Let’s Juice with Sean Kilpatrick at His Juice Lab
Sean Kilpatrick will forever be linked with White Plains High School basketball. Just as Art Monk (’76) is in football, the 1996 Tigers Relay Team is in Track & Field and Mal Graham (’63) is also in basketball.
“Sean is only the second player to play in the NBA, after Mal Graham. I wish him luck the remainder of his career,” remarked Don Gano, the WPHS Athletics Historian and longtime Boys Basketball Scorekeeper.
Kilpatrick graduated in 2008, after averaging 25.6 points his senior year and 19 points per season in three years playing varsity basketball under Head Coach Spencer Mayfield. Kilpatrick played one season of prep school basketball at Notre Dame Prep, before becoming a First Team All-American selection at the University of Cincinnati in 2014. Kilpatrick’s Bearcats resume also reads: Second All-Time Scorer behind Oscar “The Big O” Robertson.
“The thing I am most proud of Sean is how he did in college and graduated,” said Gano, while visiting Kilpatrick at his Juice Lab on Mamaroneck Avenue on Saturday.
Kilpatrick recently concluded his third season in the NBA, which proved to be a season of ups-and-downs. However, through Kilpatrick’s perseverance the season had a positive conclusion. He averaged 13.8 points per game in 23 games for the Brooklyn Nets in 2015-16 and 13.1 ppg. in 70 games for the Nets in 2016-17.
Nonetheless, Kilpatrick’s playing time diminished from about 24 minutes a game in his first two seasons with the Nets to 11.5 minutes per game this season, with his average dwindling to a mere five ppg. Kilpatrick was finally waved by the Nets in December, 2017, after a trade with the 76ers brought Jahlil Okafor to Brooklyn.
However, Kilpatrick signed a NBA Two-Way contract with the Milwaukee Bucks 11 days later, which he played into a standard NBA contract less than a month later. Kilpatrick felt despair again when he was waved by the Bucks, on March 2, 2018, but the L.A. Clippers did not let him rest signing him to two NBA 10-Day contracts.
Less than two days after the expiration of his second 10-day contract with the Clippers, the Chicago Bulls grabbed the NBA scorer. On March 26, Kilpatrick found a home in Chicago when he signed a three-year deal with the Bulls for $6. 2 million with team options for the next two seasons.

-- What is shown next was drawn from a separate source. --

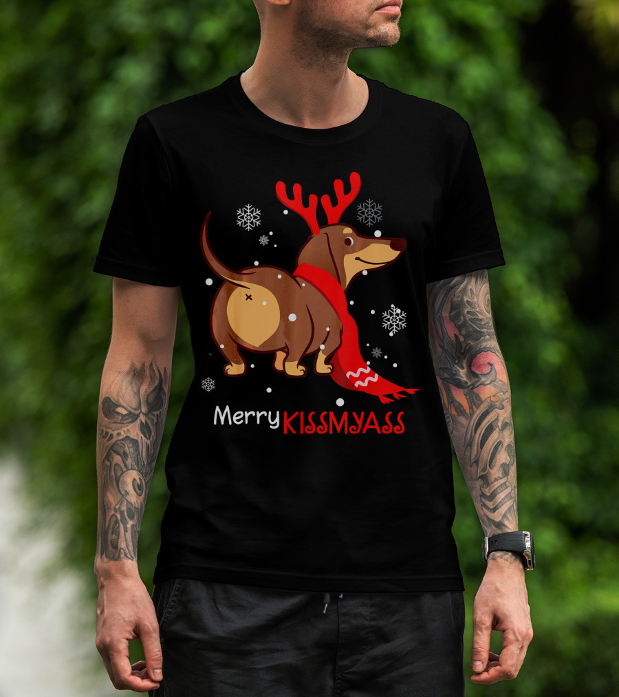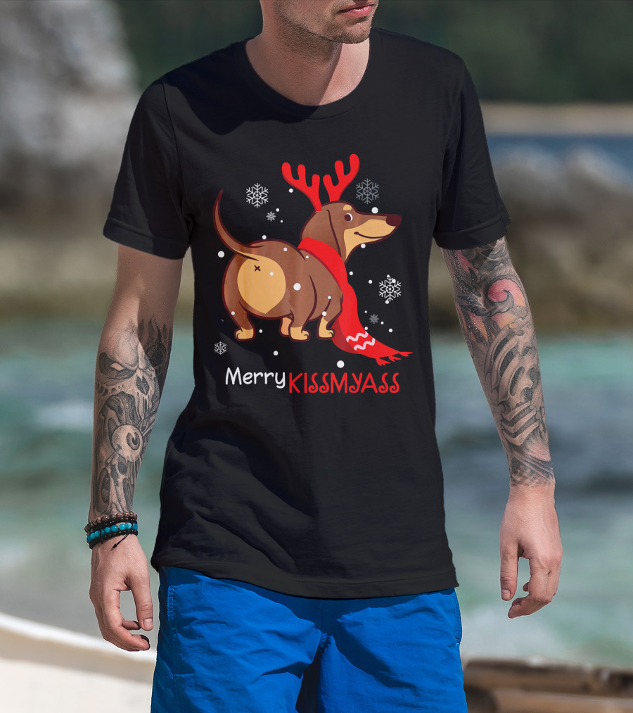 Funny Dog Dachshund Christmas Merry Kiss My Ass T-Shirt

Kilpatrick impressed the Bulls and their fans by averaging 15.4 points per game in nine games this season. On April 18, he made the options for the Bulls easier to consider when he scored 19 points in the fourth quarter in a Bulls win over the Charlotte Hornets.
“Yeah, I think anybody would get frustrated moving from team to team. But that is the nature of the league,” commented Kilpatrick, at his Juice Lab, on Saturday. “I think, I had to go through what I went through this year to actually get to where I am now; Chicago is a beautiful situation,” stated Kilpatrick.

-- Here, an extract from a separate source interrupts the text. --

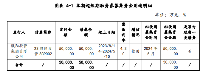 本期债券简称“24濮阳投资SCP001”,发行规模5亿元,利率2.77%,期限为90日;债券起息日为2024年4月30日,兑付日为2024年7月29日;薄记管理人/主承销商为郑州银行。本期债券募集资金拟用于偿还有息债务。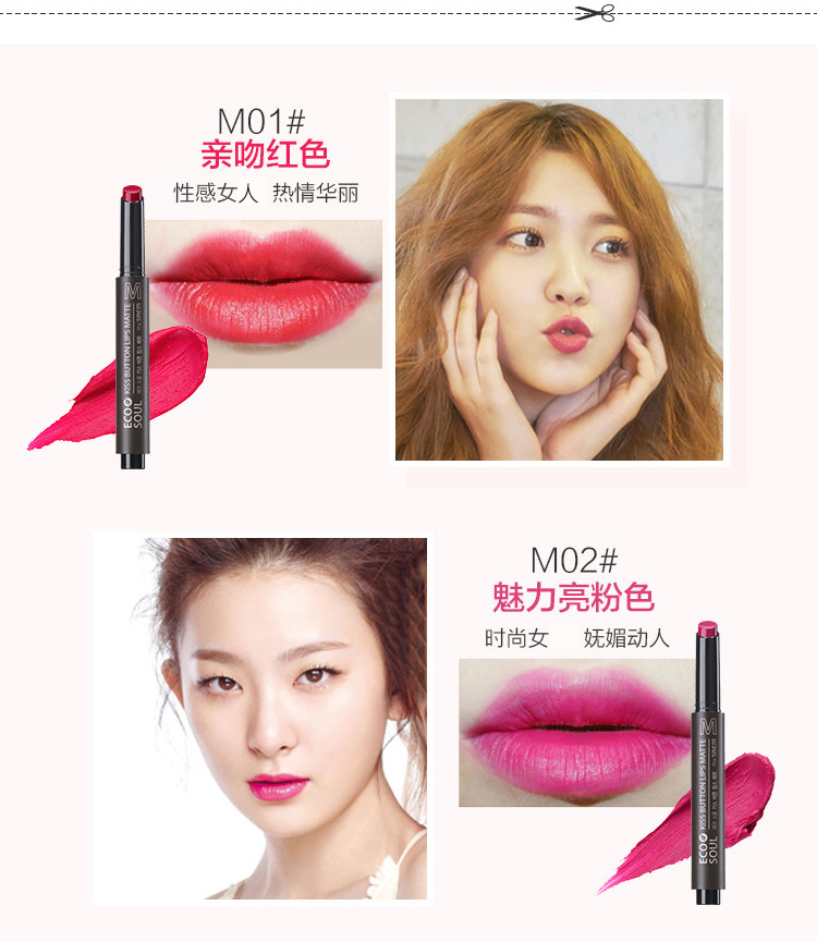 | 色号: | 爱可按钮唇膏色号:01 热吻红色/02 完美珊瑚红色/03 笑容橙色/04 心跳珊瑚粉色/07 清爽蓝莓紫色/09 咖啡棕色 爱可按钮干爽唇膏色号:01亲吻红色# /02 魅力亮粉色#/03 求婚桃粉色#/05 红围巾色# | |

Regardless of a season that could have extinguished anybody’s hopes and dreams; there was Kilpatrick, back home in White Plains at his Juice Lab, on Saturday, smiling as he greeted customers with a new three-year NBA contract.
The Tigers basketball marvel was accompanied by his lovely girlfriend Nikki, their six month old daughter Scarlet, his grandmother Evelyn Turner, his aunt Latrice Kilpatrick and his younger brother Travis Williams. “I am very proud off Sean, it is an amazing accomplishment, God blessed us,” commented Williams.

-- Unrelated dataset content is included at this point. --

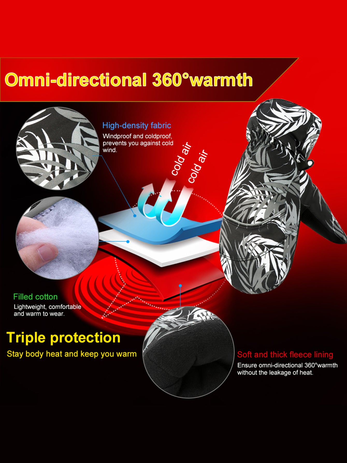 <p><strong>Information</strong><br /><br />Choose this pair of ski gloves for your kids as it is equipped with soft and thick fleece lining so that your kid can go out for skiing, skating or doing other outdoor sports in winter days.<br /><br />This pair of ski gloves has elastic wrist strap and adjustable self-adhesive strap, which not only allows your kid to adjust the tightness for tight and snug fit, but also is convenient to put on or take off. Besides, non-slip and abrasion-resistant PU leather on full palm makes your kid feel flexible and convenient to grip objects.<br /><br /><br /><br /><strong>Feature</strong><br /><br />Material: splash-proof nylon taslon & cotton interlayer & fleece lining<br /><br />Recommended age: suitable for kids between 4-5 years old<br /><br />Size chart:<br /><br />S: total length 8.3''/21cm; length of middle finger 3.3''/8.5cm; width of palm 3.7''/9.5cm; suitable for kids between 2-3 years old<br /><br />M: total length 8.7''/22cm; length of middle finger 3.5''/9cm; width of palm 3.9''/10cm; suitable for kids between 4-5 years old<br /><br />L: total length 9.1''/23cm; length of middle finger 3.7''/9.5cm; width of palm 4.1''/10.5cm; suitable for kids between 6-7 years old<br /><br />Color: as picture shown<br /><br />Package list: 1 pair of ski gloves<br /><br /><br /><br /><strong>Notice</strong><br /><br />* The actual color may vary slightly from the online image due to monitor color settings.<br />* Please allow slight measurement deviation for the data.</p>

Kilpatrick also welcomed his former teammate Jordan Griffith, longtime Tigers Scorekeeper and Athletic Historian Gano, Eliseo Lugo his Criminal Law and Economics teacher at WPHS and Jamel Robinson his Youth Basketball Coach from his early days living in Yonkers.
Kilpatrick greeted many fans who are customers of his healthy smoothies and natural juices served at his Juice Lab and signed autographs for anyone upon request. Steadying the operation at his Juice Lab is his farther Sean Kilpatrick, Sr. and his best friend and former Tigers teammate Sean Brooks.
“It really feels good to be able to come back and give back to the community, which is important to me. The more and more that I continue to show my face around the neighborhood, I think the people really appreciate it,” said Kilpatrick.